Exercise objective |
Starting at the line that contains "如果想将挂起的作业切回,可以通过 fg 命令,fg" and stopping at the line that contains "где: Бу - условный", restate each line of the records below exactly. Omit the pictures.

Records provided |
______________________________
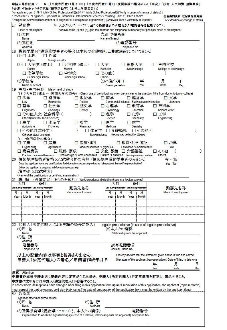 申請書は不定期に改訂があります。気付かずに古い様式で申請してしまうと、受理されなかったり審査に時間がかかったり、最悪の場合は不許可になる可能性もあります。申請書作成時は必ず出入国在留管理庁のサイトで最新版を確認し、古い様式は使わないよう注意してください。
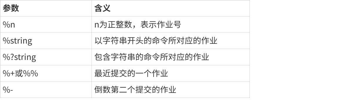 如果想将挂起的作业切回,可以通过 fg 命令,fg 后面可以跟作业号或作业的命令名称。如果参数缺省则会默认将作业号为 1 的作业切到前台来执⾏,若当前系统只有一个作业在后台进⾏,则可以直接使用 fg 命令不带参数直接切回。 具体的参数参考如下:
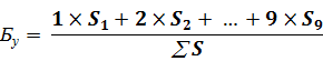 где: Бу - условный средний класс бонитета; 1,2…9 -условные цифровые значения соответствующих классов бонитета; S1,S2…S9 - площади насаждений соответствующих классов бонитета,га; å S - общая площадь насаждений данной породы, га. Таблица 7
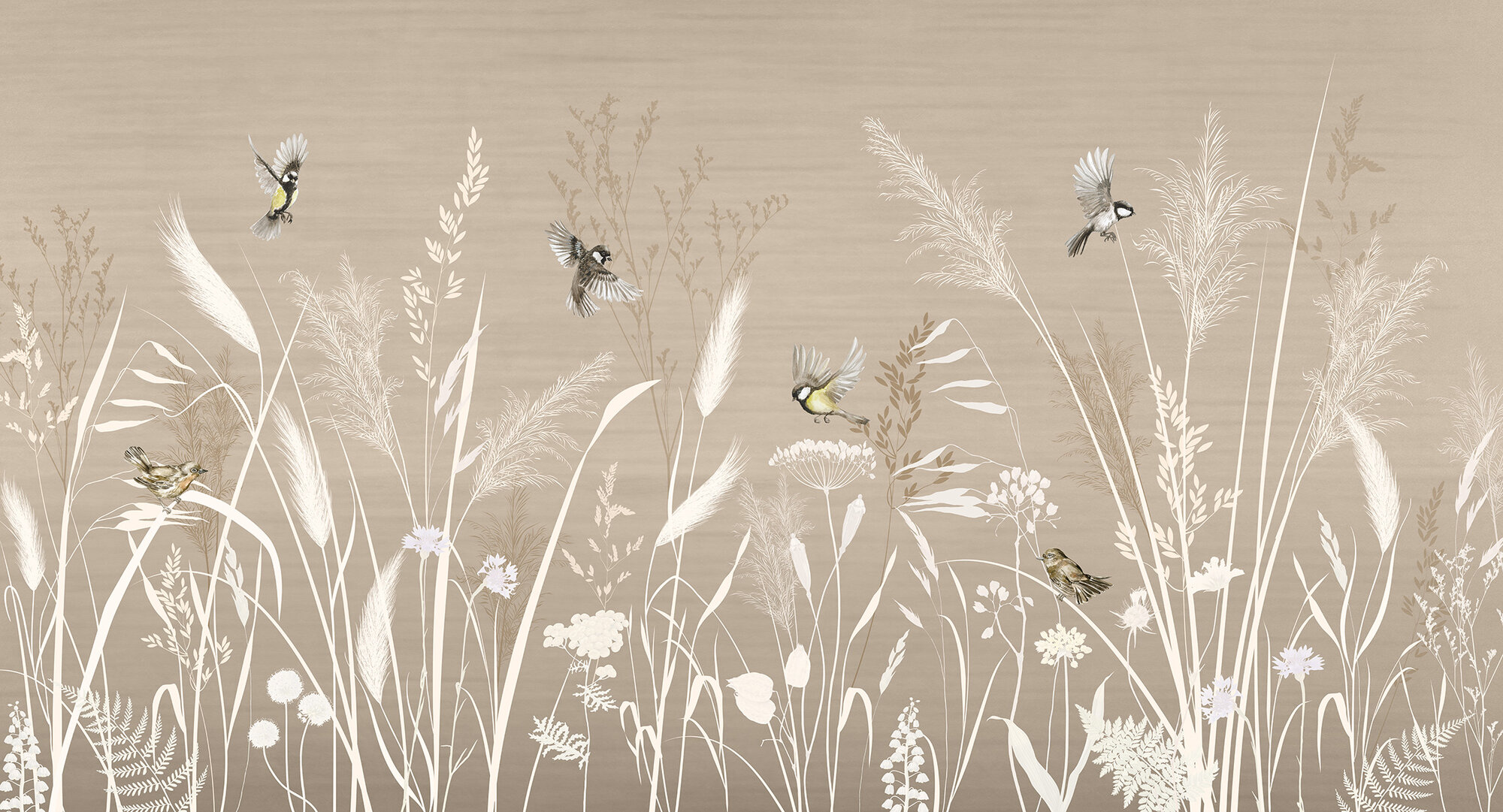 Фотообои на стену флизелиновые 3d Растения Цветы Небо Птицы 400х270 см Bartonwall N163
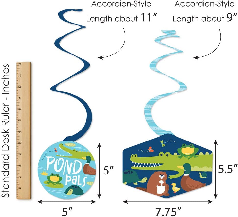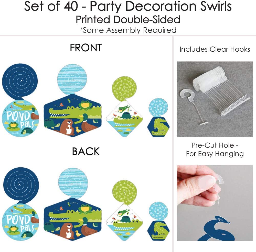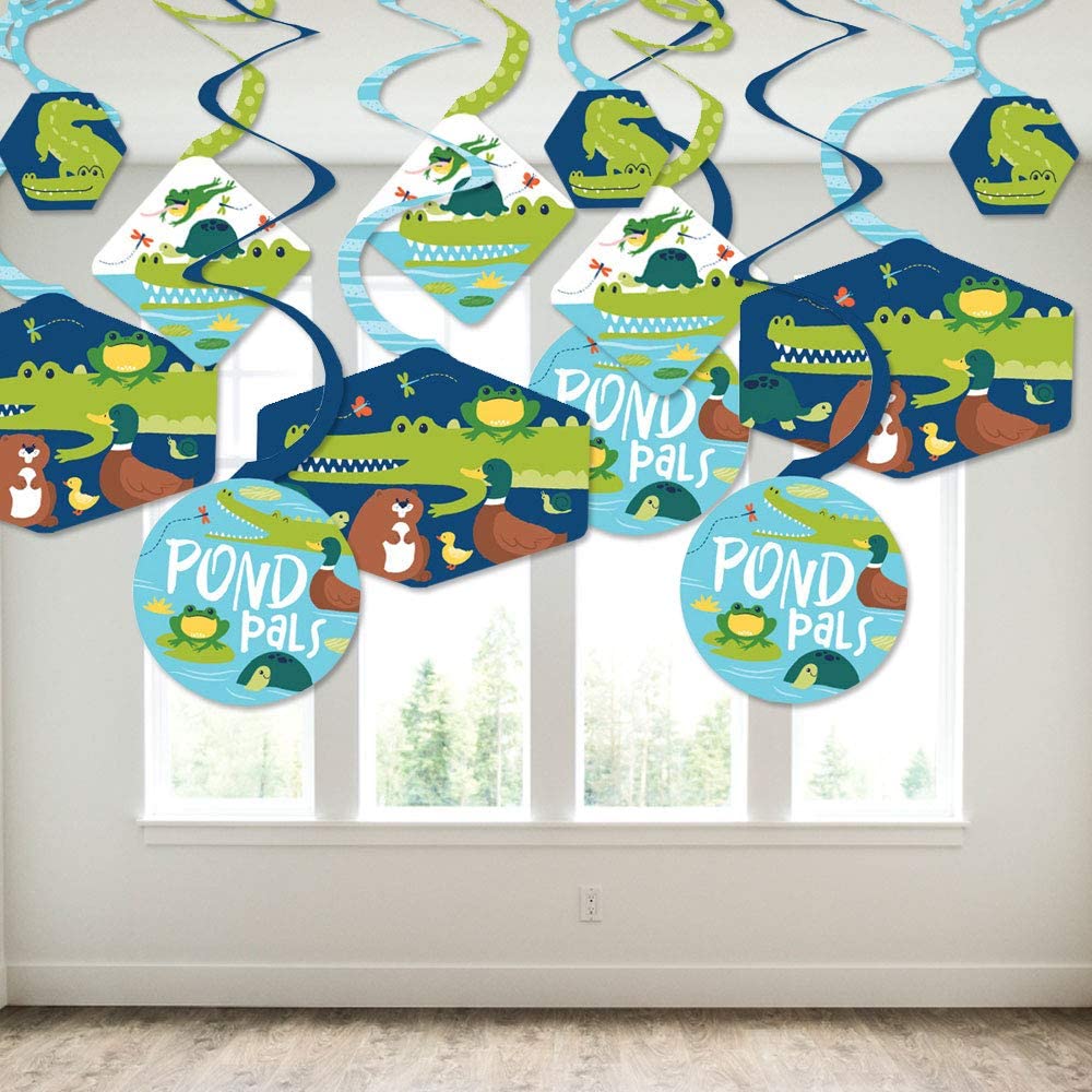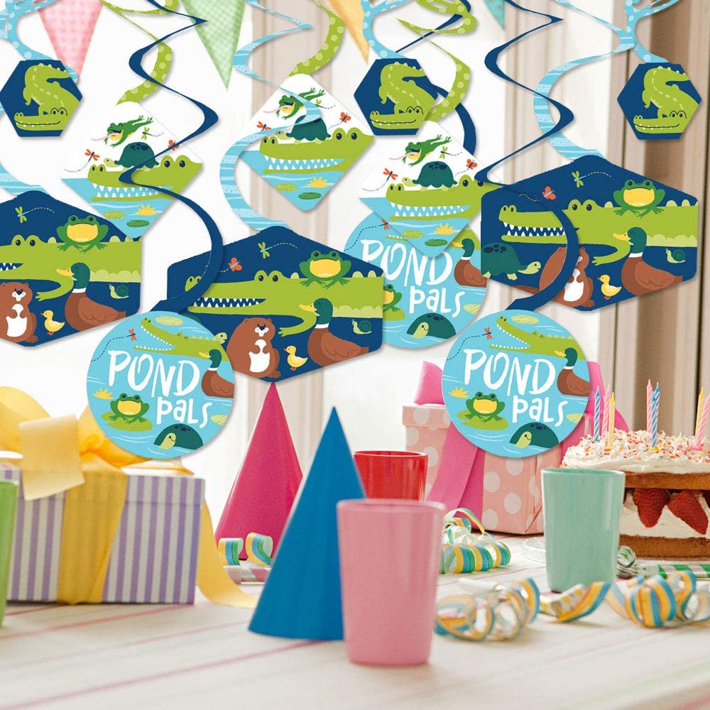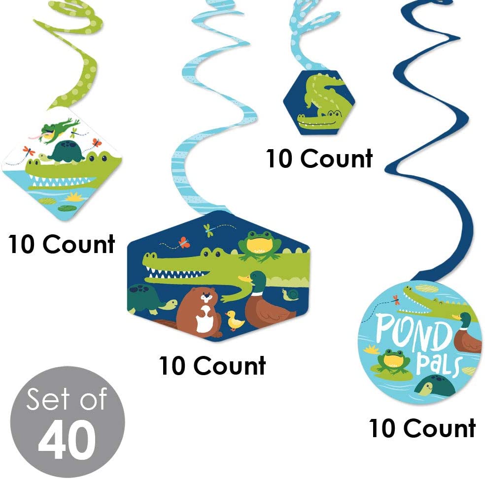Pond Pals - Frog, Alligator, Turtle, Beaver and Duck Birthday Party or Baby Shower Hanging Decor - Party Decoration Swirls - Set of 40 is backordered and will ship as soon as it is back in stock.
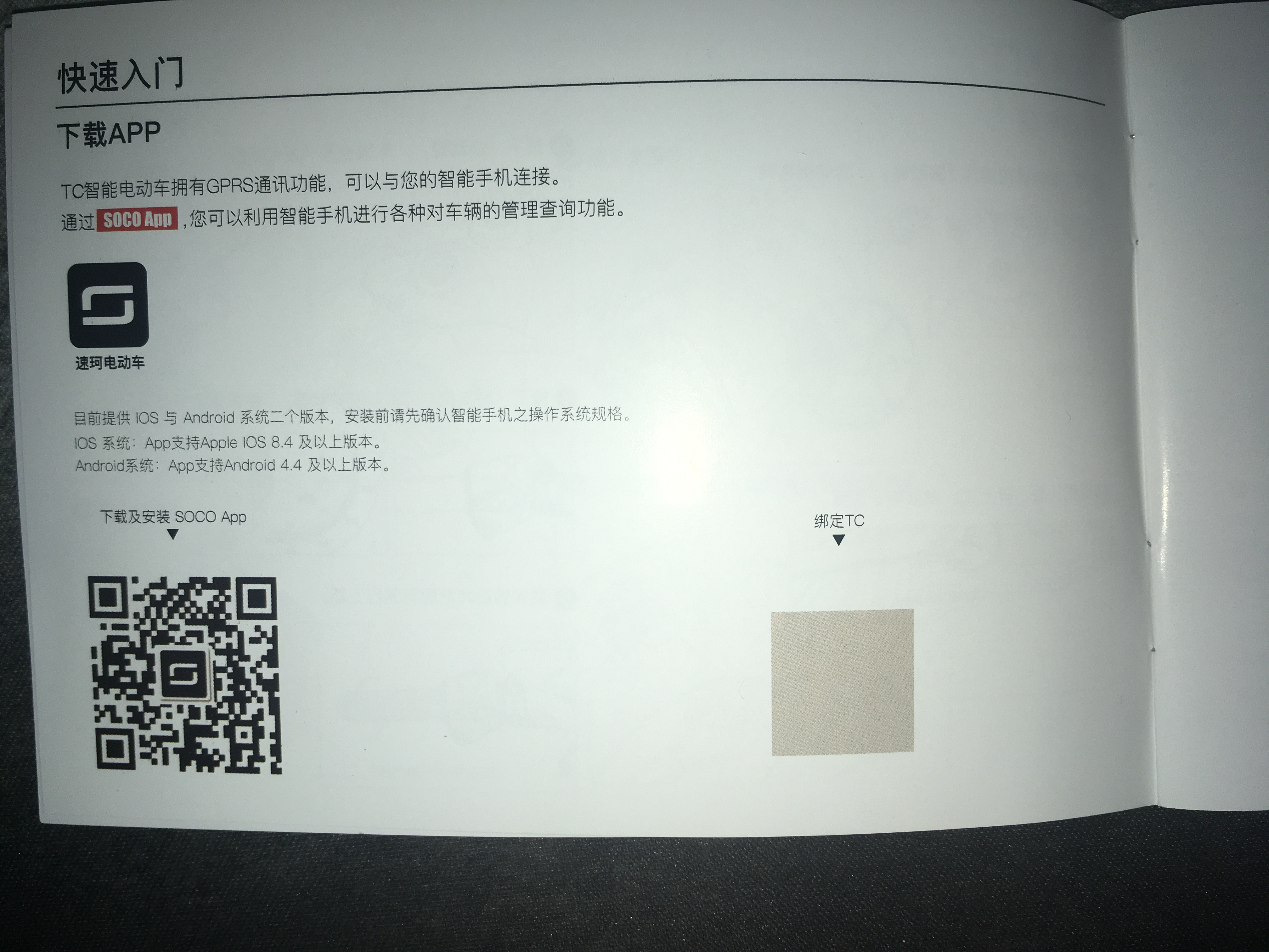 Ich habe auch nur die braune Schachtel ohne QR Code. Die QR Codes im Handbuch sind nur Links zum downloaden der APP. Konnte meine Super SOCO TC leider auch nicht registrieren.
______________________________
Exercise output |
 如果想将挂起的作业切回,可以通过 fg 命令,fg 后面可以跟作业号或作业的命令名称。如果参数缺省则会默认将作业号为 1 的作业切到前台来执⾏,若当前系统只有一个作业在后台进⾏,则可以直接使用 fg 命令不带参数直接切回。 具体的参数参考如下:
 где: Бу - условный средний класс бонитета; 1,2…9 -условные цифровые значения соответствующих классов бонитета; S1,S2…S9 - площади насаждений соответствующих классов бонитета,га; å S - общая площадь насаждений данной породы, га. Таблица 7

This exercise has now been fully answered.